Introduction

In this worksheet, we are going to give you an opportunity to show your understanding of basic data wrangling and visulaisation using the World Values Survey data. Your aim is to wrangle and graph data for “life satrisfaction” accross the countries in the WVS. Ultimately, we are interested to know: Which countries have the highest and lowest life satisfaction?

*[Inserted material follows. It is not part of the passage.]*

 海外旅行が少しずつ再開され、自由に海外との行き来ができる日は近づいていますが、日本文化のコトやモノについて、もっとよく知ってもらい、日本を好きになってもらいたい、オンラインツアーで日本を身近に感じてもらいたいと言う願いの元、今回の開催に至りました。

Please write your answers and code in an R notebook and submit it as either a .pdf or .rmd (notebook) file in the Moodle submission point.

Task 1

Use your coding skills to load the necessary packages:“tidyverse”, “mosaic”, “ggplot2”, “moments”, “PB130”, and “sjlabelled”

Task 2

Now write the code that loads the dataframe into R Studio. As always, the WVS data can be accessed here: https://github.com/thomcurran/PB130/raw/master/MT3/Workshop/WV6_Data_R_v20180912.rds. Download the file and save it to a logical place where it can be eaisly located. I would recommend that you save it in your PBS folder under a subfolder called Worksheets. Now load the file by clicking on the dataframe name in the files window where you saved the WVS data, change the name to WVS, and click OK. The code will appear in the console. Just copy and paste that code in your R chunk on the worksheet. Don’t forget to convert the country variable (V2A) to it’s character form For example:

WVS <- readRDS("C:/Documents/PB130/MT4/Workshop/WV6_Data_R_v20180912.rds")

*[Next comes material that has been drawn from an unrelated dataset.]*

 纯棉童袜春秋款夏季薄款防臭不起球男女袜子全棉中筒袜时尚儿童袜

WVS$V2A <- as_character(WVS$V2A)

Task 3

Select out of the WVS dataframe the necessary variables. In this case it is the country variable and the variable for life satisfaction (“Satisfaction with your life”; V23). See the WVS codebook for the specific names of these vairables here: https://github.com/thomcurran/PB130/blob/master/MT3/Workshop/F00007761-WV6_Codebook_v20180912.pdf

Task 4

Filter the selected variables for values of relevance (i.e., only those values that include responses to the life satisfaction scale). See the WVS codebook for the specific values of the variables.

Task 5

Find the median, mean, standard deviation, skewness, and kurtosis of life satisfaction. Then, comment on the distributional properties of life satisfaction from this information.

Task 6

Graph the distribution of life satsifaction in the whole dataset using a histogram. Add to this histogram a desity curve and a vertical line to depict the mean value. Don’t forget to adjust the bin width if necessary. Then, after graphing the distribution, provide a commentary on the distributional properties of life satisfaction.

Task 7

Graph the distribution of life satisfaction for one country of your choosing using a box-plot. Add to the box plot the data points and a red dot to depict the mean. After graphing the distributon, provide a commentary on the distributional properties of life satisfaction.

Task 8

Going back to the all country WVS dataframe, make a plot that ranks countries on mean life satisfaction from low to high and then use the plot to answer the following questions:

Which country has the highest life satisfaction?

Which country has the lowest life satisfaction?

When doing this, attempt to make the plot as visually appealing as possible using customizations of your choosing.